STATES FACING dwindling resources have cut back on support to public universities and colleges. It’s been seen as an easy way out, since the institutions, unlike many others receiving public funds, could fall back on raising tuition. But the consequences of this disinvestment are a decline in quality and more students denied affordable access to higher education.

The plight of public universities and colleges was recently spotlighted by The Post’s Daniel de Vise in an examination of deteriorating conditions at the University of California at Berkeley. State support has declined from 47 percent of the school’s operating budget in 1991 to 11 percent. Tuition has skyrocketed, faculty have been furloughed, classes are bigger and California students have been turned away in favor of out-of-state residents, who pay more. The University of Michigan has witnessed a decline in state support from 48 percent to 17 percent over two decades, while the University of Virginia experienced a drop from 26 percent to 7 percent.
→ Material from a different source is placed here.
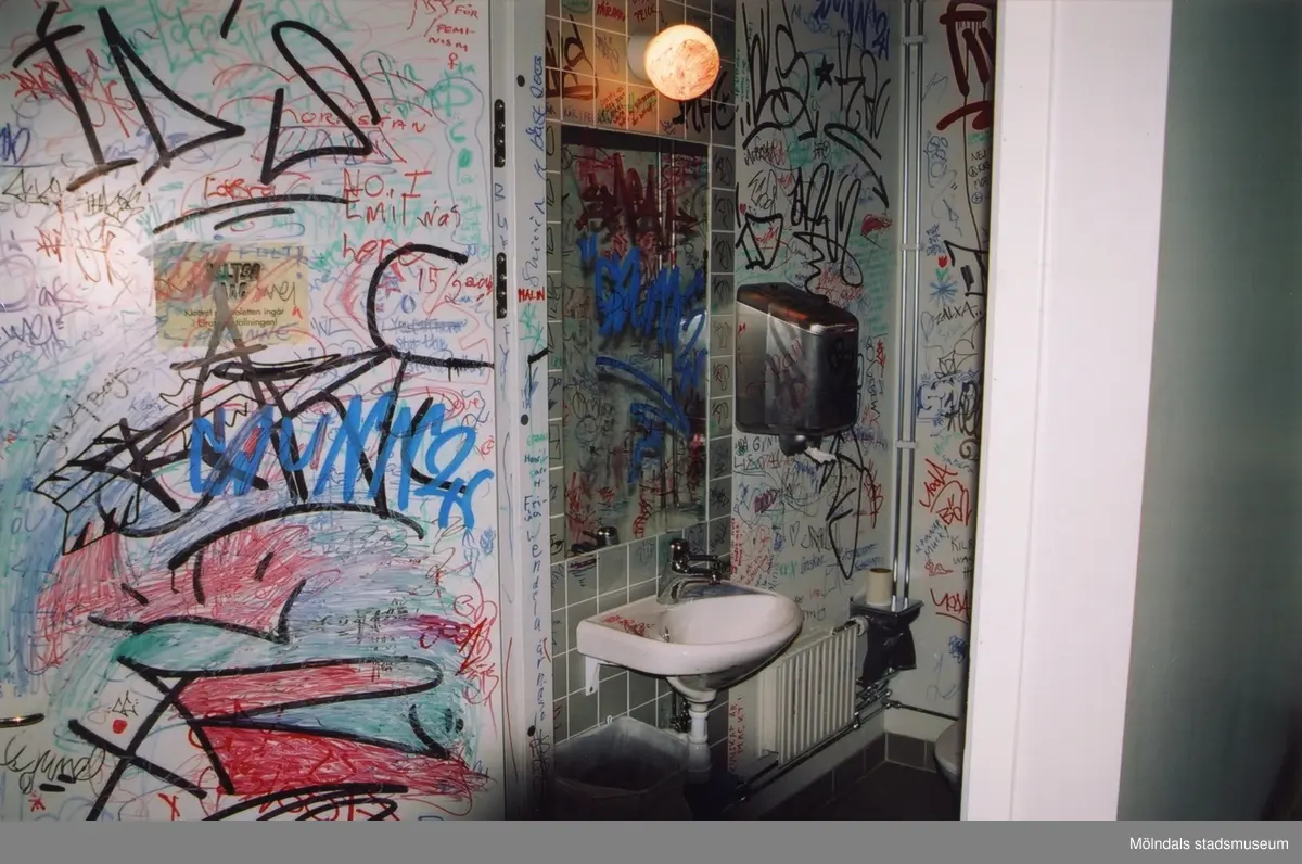 Graffitimålad toalett i samband med utställningen "Alltså finns jag" på Mölndals museum, år 2003. Museet hade lagt tuschpennor som besökarna fick använda till att rita på toaletternas inneväggar och dörrar. Efter utställningens slut återställdes de två toaletterna till ursprungligt skick.

So alarmed is Virginia Gov. Robert F. McDonnell (R) by his state’s disinvestment (contrasted with Maryland, which has maintained generous support and has frozen tuition) that he’s made higher education a priority. His recently announced biennial budget included a $230 million increase to public universities and colleges that he hopes will slow tuition increases and, with other incentives, better prepare Virginians for work and boost job-creating research. Nonetheless, Virginia still will need more reliable financing for public universities.

One place to look is the practice of “in-state tuition,” which grants any Virginia resident, regardless of resources or income, a state-subsidized tuition rate that doesn’t come close to paying the cost of the education being provided. Taylor Reveley, president of the College of William and Mary, where state funding declined from 43 percent of the operating budget 30 years ago to 13 percent, has rightly suggested some creative thinking about letting market conditions determine college costs. A student who can afford to pay full freight for college would free funds that could go to financial aid for needy students from lower- and middle-income backgrounds. High-caliber universities able to attract students willing to pay the market rate would free state resources that could go to public schools more in need.

To be sure, colleges need to be smarter about how they spend money. But the challenges confronting public higher education go far beyond the savings that can be realized through efficiency. A commitment of ideas and resources are needed if America is to continue its grand tradition of its citizens bettering themselves — and itself — through education.